Exercise description: From the entries below, return exactly the lines beginning at the one that contains "一图读懂 | 2026年前2个月我国进出口增速达18.3%" and ending at the one that contains "If you're looking", both of them included, and only those lines.

Dataset excerpts:
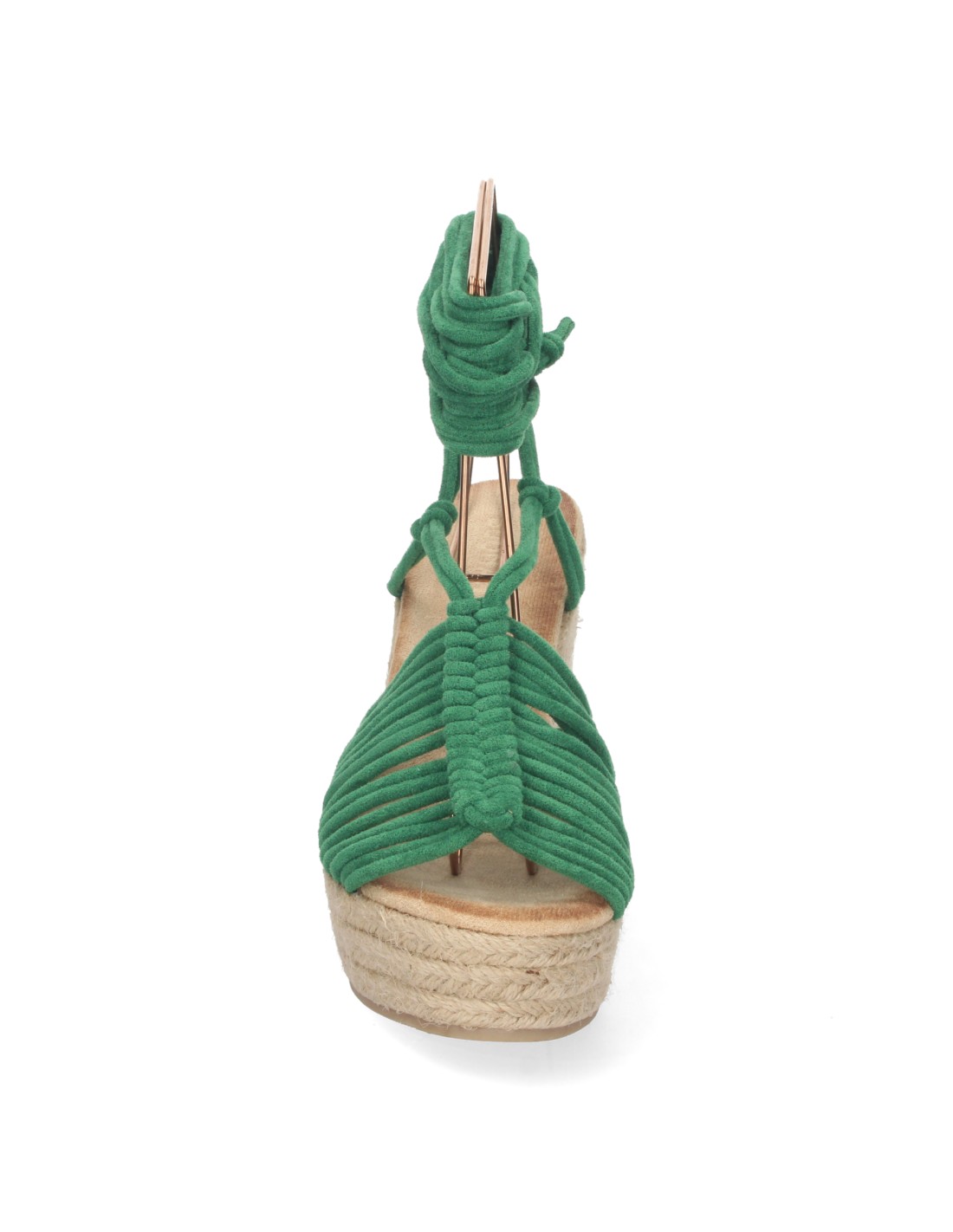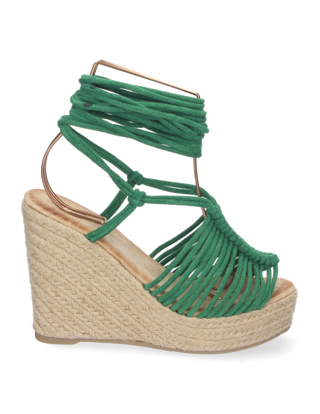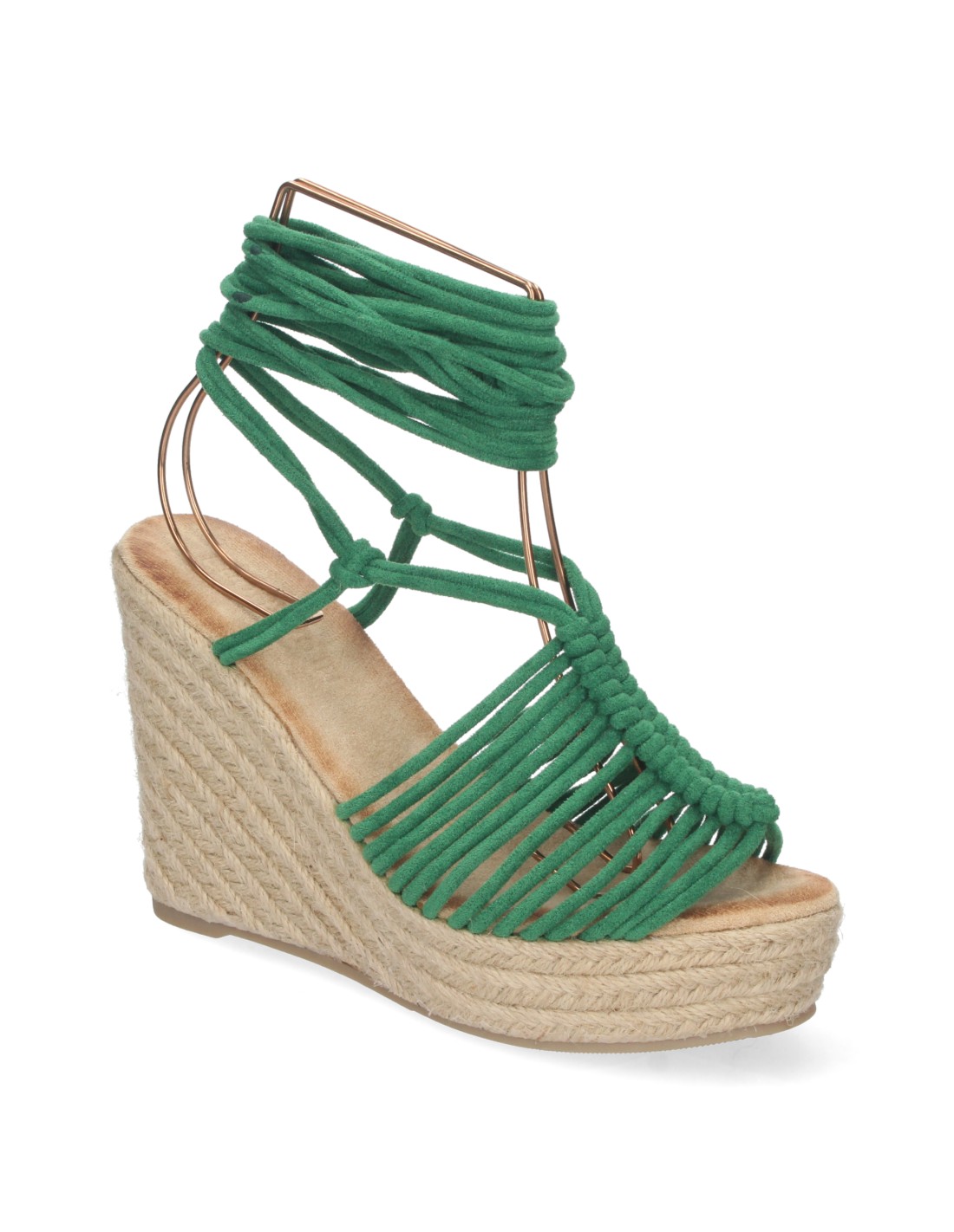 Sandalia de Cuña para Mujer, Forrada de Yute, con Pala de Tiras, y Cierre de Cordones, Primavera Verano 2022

--

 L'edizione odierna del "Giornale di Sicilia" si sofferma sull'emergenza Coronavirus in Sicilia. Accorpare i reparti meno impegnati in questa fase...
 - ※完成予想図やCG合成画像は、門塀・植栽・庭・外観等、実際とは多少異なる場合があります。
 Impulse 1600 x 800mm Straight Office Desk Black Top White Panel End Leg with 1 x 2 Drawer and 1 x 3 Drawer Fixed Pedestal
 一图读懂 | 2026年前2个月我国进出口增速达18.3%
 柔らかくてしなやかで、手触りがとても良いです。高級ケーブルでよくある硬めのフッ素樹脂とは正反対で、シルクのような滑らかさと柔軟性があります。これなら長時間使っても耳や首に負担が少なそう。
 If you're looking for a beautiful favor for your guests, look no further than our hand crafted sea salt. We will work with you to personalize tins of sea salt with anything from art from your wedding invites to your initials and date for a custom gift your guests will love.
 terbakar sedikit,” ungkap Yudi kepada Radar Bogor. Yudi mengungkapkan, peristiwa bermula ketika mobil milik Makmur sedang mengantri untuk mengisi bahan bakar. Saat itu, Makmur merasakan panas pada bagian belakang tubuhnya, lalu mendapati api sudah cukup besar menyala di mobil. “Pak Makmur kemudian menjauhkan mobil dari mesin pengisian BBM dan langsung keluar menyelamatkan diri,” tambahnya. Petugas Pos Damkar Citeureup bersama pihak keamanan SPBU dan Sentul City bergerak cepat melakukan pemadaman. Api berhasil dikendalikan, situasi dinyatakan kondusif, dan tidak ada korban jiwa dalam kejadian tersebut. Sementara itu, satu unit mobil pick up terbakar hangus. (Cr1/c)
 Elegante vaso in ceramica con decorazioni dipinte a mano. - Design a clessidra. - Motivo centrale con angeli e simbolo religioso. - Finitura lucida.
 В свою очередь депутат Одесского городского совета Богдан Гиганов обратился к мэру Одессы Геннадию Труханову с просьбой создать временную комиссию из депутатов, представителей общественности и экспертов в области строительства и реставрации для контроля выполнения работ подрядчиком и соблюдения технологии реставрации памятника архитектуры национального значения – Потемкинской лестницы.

Exercise answer:
 一图读懂 | 2026年前2个月我国进出口增速达18.3%
 柔らかくてしなやかで、手触りがとても良いです。高級ケーブルでよくある硬めのフッ素樹脂とは正反対で、シルクのような滑らかさと柔軟性があります。これなら長時間使っても耳や首に負担が少なそう。
 If you're looking for a beautiful favor for your guests, look no further than our hand crafted sea salt. We will work with you to personalize tins of sea salt with anything from art from your wedding invites to your initials and date for a custom gift your guests will love.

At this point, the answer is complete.